According to a new Gallup poll, 58 percent of Americans support legalizing marijuana—the largest percentage ever in that survey. "Success at the ballot box in the past year in Colorado and Washington may have increased Americans' tolerance for marijuana legalization," Gallup says. "Support for legalization has jumped 10 percentage points since last November and the legal momentum shows no sign of abating."
Gallup's survey asks, "Do you think the use of marijuana should be made legal, or not?" That leaves open the question of whether commercial production and distribution should be legal as well (as in Colorado and Washington). But other national polls that go beyond marijuana consumption also have found majority support for legalization. In a Reason-Rupe survey last January, for example, 53 percent of respondents said "the government should treat marijuana the same as alcohol." And last month a Public Policy Polling survey in Texas found that 58 percent of respondents either "somewhat" or "strongly" supported "changing Texas law to regulate and tax marijuana similarly to alcohol, where stores would be licensed to sell marijuana to adults 21 and older." The latter finding was especially striking given the state's conservative reputation.

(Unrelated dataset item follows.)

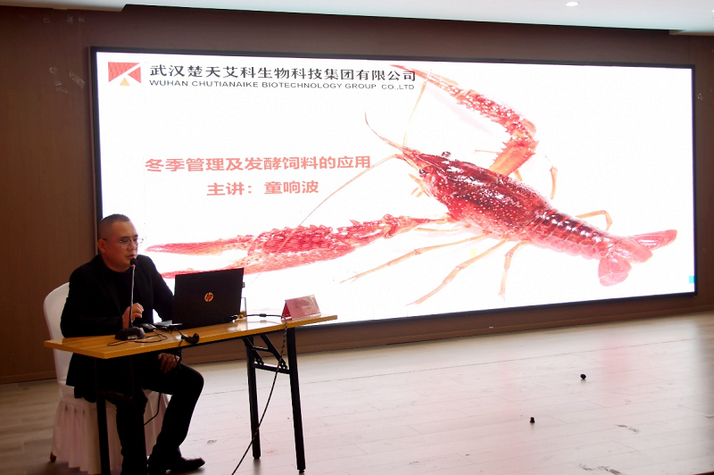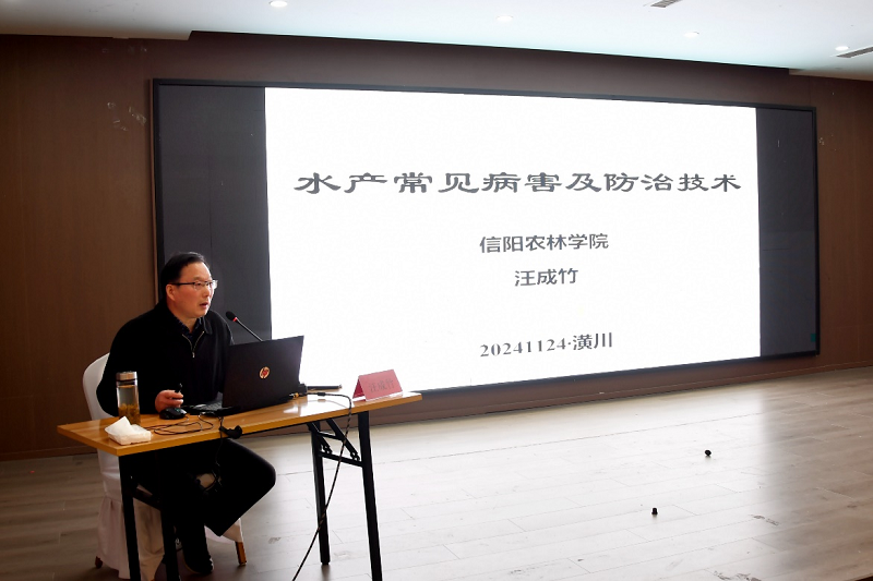 在讲座培训环节,河南省稻虾综合种养(潢川)产业科技特派员服务团团长杨东辉首先就“稻-虾-鳖”技术新模式进行了深入讲解。他详细介绍了稻虾鳖共作、轮作技术规范,以及该模式在提升养殖效益和生态效益方面的显著成效。随后,武汉楚天艾科生物科技集团有限公司技术总监童响波分享了小龙虾冬季管理及发酵饲料应用的先进经验,为养殖户提供了实用的技术指导。beat365在线平台官网副教授汪成竹则就水产常见病害及防治技术进行了专业讲解,增强了与会者的病害防控意识。培训会现场还为参会人员发放了由服务团编制的培训手册。

In the Gallup poll, "Public support for legalization more than doubled in the 1970s, growing to 28%. It then plateaued during the 1980s and 1990s before inching steadily higher since 2000, reaching 50% in 2011." As usual, support for legalization in this year's survey is stronger among Democrats than among Republicans (65 percent vs. 35 percent) and inversely related to age. "Americans 65 and older are the only age group that still opposes legalizing marijuana," Gallup notes, with only 45 percent in favor, compared to 67 percent of 18-to-29-year-olds. Gallup cites personal experience with marijuana as a possible factor in rising support for legalization, noting that "a sizable percentage of Americans (38%) this year admitted to having tried the drug." That is slightly lower than the rate found in the federal government's National Survey on Drug Use and Health, which includes 12-to-17-year-olds as well as adults. Both numbers probably understate the true percentage of Americans who have tried pot, since people may be reluctant to admit breaking the law even in a confidential survey.
Gallup draws a parallel between growing support for marijuana legalization and growing support for gay marriage. I made a similar point in a column last year.